Les temps sont mûrs

Publié le dimanche  2 juin 2013
Mis à jour le mercredi  16 octobre 2013

Les temps sont mûrs. La fin du monde, c’est pour décembre

par Patrik Ourednik

Libération, 15 mars 2012


Parmi les injures que j’ai dû apprendre pour pouvoir prouver, à tout instant, mon assimilation à la République française, il y en a une que j’affectionne particulièrement : « trou du cul ». Traiter quelqu’un simplement de cul n’aurait pas la même portée. Un cul est un cul, et le reste à jamais. Le coup de génie, c’est le trou. Le déficit. L’absence. Le néant.

Apocalypse Now, j’entends ces derniers temps. Les temps sont mûrs. Et il était grand temps, ajoute-t-on parfois. Le grand temps est un temps qui a eu le temps de grandir, me dis-je alors.

Les temps sont mûrs : j’ai tapé cette phrase dans Google ; au bout de 0,36 seconde, 203 415 résultats sont apparus.

J’ai pu ainsi constater que les temps étaient mûrs pour un tas de choses. Les temps sont mûrs, par exemple, pour des conquérants audacieux et unis autour d’une même histoire. Quelle histoire ? L’article ne le précisait pas. Sans doute une histoire du futur. Ça se passait en Libye. En Belgique, en revanche, les temps sont mûrs pour un tournant. Lequel ? Je ne le saurai jamais, à moins d’en être témoin quand le moment viendra. Les temps sont mûrs pour établir des relations diplomatiques avec la Chine. C’est le Saint-Siège qui le dit. Les temps sont mûrs aussi pour les innovateurs africains de placer la barre plus haut. L’auteur ne précisait pas quel genre de barre, tant pis. Quoi qu’il en soit, les temps sont mûrs pour un changement. Là non plus, aucune précision. J’ai alors cherché dans un dictionnaire ce que voulait dire « changement ». Apparemment, cela veut dire beaucoup de choses : évolution, métamorphose, modification, mutation, déformation, transformation, transmutation, transposition. Les temps sont-ils mûrs plutôt pour une déformation ou pour une mutation ? Une métamorphose ou une transposition ? Qui sait.

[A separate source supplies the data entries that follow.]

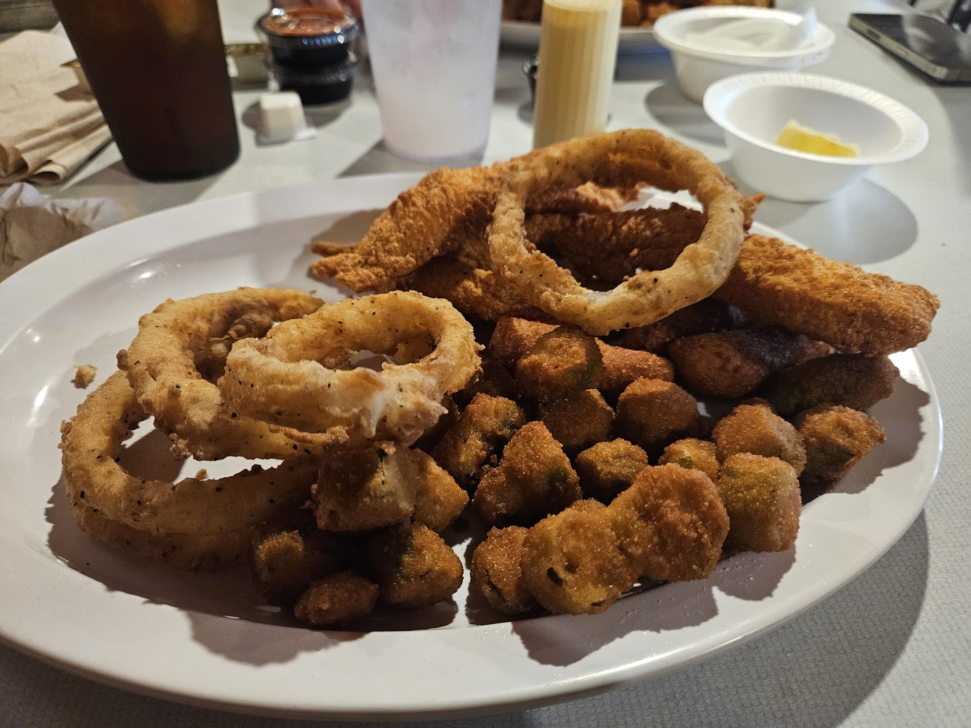 So we were just passing thru Atlanta tx. at 7:30pm on a Friday night which is 1 hour from our home and rarely do we pass thru here anymore. Sadly we don't have Catfish king in or around Longview tx anymore. They close at 8pm or in 30 minutes so that's kind of a thing to avoid in my rule book but we stopped anyways. The workers were very helpful and friendly. My wife and I both got 7 piece (regular not spicy) fried Catfish plates comes with 2 sides (we had fries & coleslaw) $16 each and an order of excellent onion rings. The picture I posted is the fish leftovers. As you can see the filets are big and they were prepared perfect. Nothing fancy just good ol Catfish in cornmeal batter. The way its supposed to be in my opinion. It was all excellent!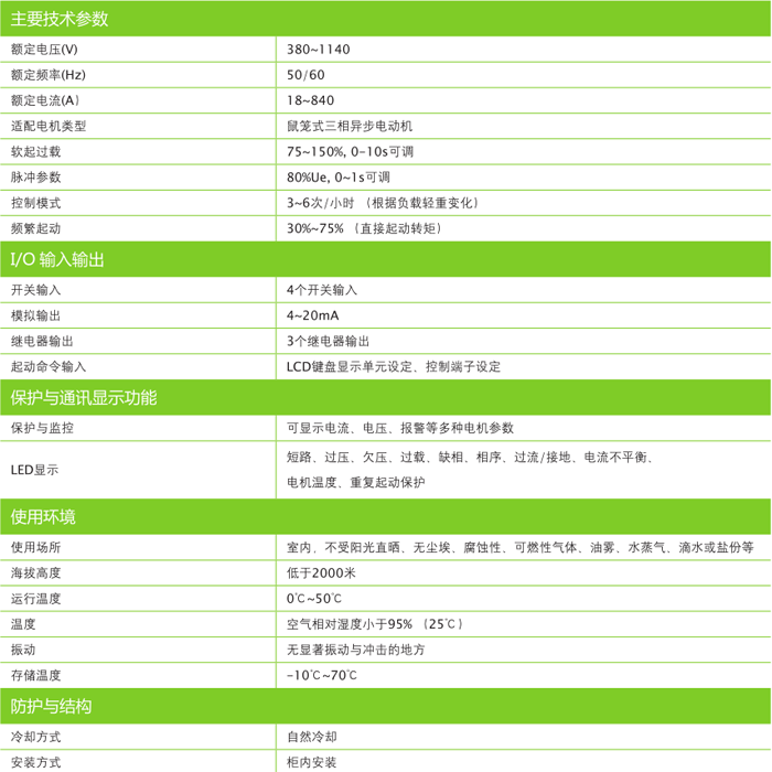 對(duì)電網(wǎng)及機(jī)械設(shè)備沖擊小等優(yōu)點(diǎn),是傳統(tǒng)起動(dòng)方式理想的更新?lián)Q代產(chǎn)品。適用于石油、冶金、礦山、選煤廠含有爆炸性氣體(甲烷)和煤塵的煤礦井下的重載或使用條件惡劣的三相異步電動(dòng)機(jī)的軟起動(dòng)、軟停車(chē)控制。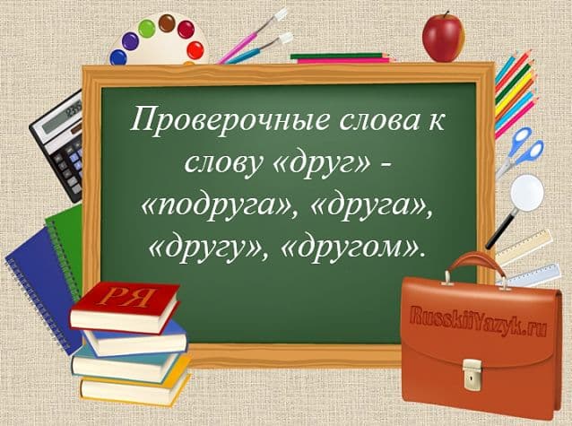 Проверочные сло­ва к сло­ву «друг» — «подру­га», «дру­га», «дру­гу», «дру­гом».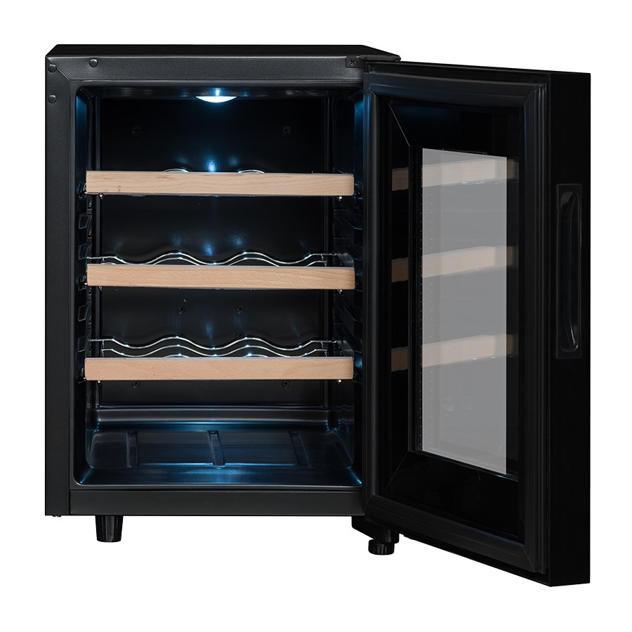 Discover the service wine cellar, designed to hold up to 12 bottles, offering perfect storage for your favorite wines. Thanks to its advanced hybrid technology, it ensures minimal energy consumption of just 95 kWh annually, while operating at a quiet 26 dB for seamless integration into any room. The temperature range of 11°C to 18°C guarantees optimal conditions for your wines, and its compact size (34.5 x 46 x 48 cm) makes it easy to fit into any space. Additionally, it comes equipped with 3 steel wire shelves and a digital thermometer for precise control.

D’autres temps sont tout aussi mûrs. Pêle-mêle : Pour se mettre en mouvement.Pour une science économique où l’on appelle un chat un chat. Pour un autre modèle de société. Pour un nouveau départ du mouvement international des malades atteints de sclérose artérielle. Pour le retour de l’âme. Pour un développement des instruments extrajudiciaires. Pour une alternative politique de gauche. Pour une solution politique de droite. Pour que les hommes réfléchissent.

Les temps sont mûrs aussi, et je m’arrêterai là, pour des véhicules à motorisation électrique. « La voiture de demain, c’est déjà aujourd’hui », disait l’article. Ça m’a fait penser au livre inscrit aux temps de ma jeunesse aux programmes scolaires obligatoires dans les pays communistes, qui s’intitulait Le pays où demain signifie déjà hier : il y était question de l’Union soviétique. Cela reste d’ailleurs valable pour la Russie actuelle - le hier et le demain s’autoclonant mutuellement et étant incarnés, en chair et en os, par le Président et son Premier ministre.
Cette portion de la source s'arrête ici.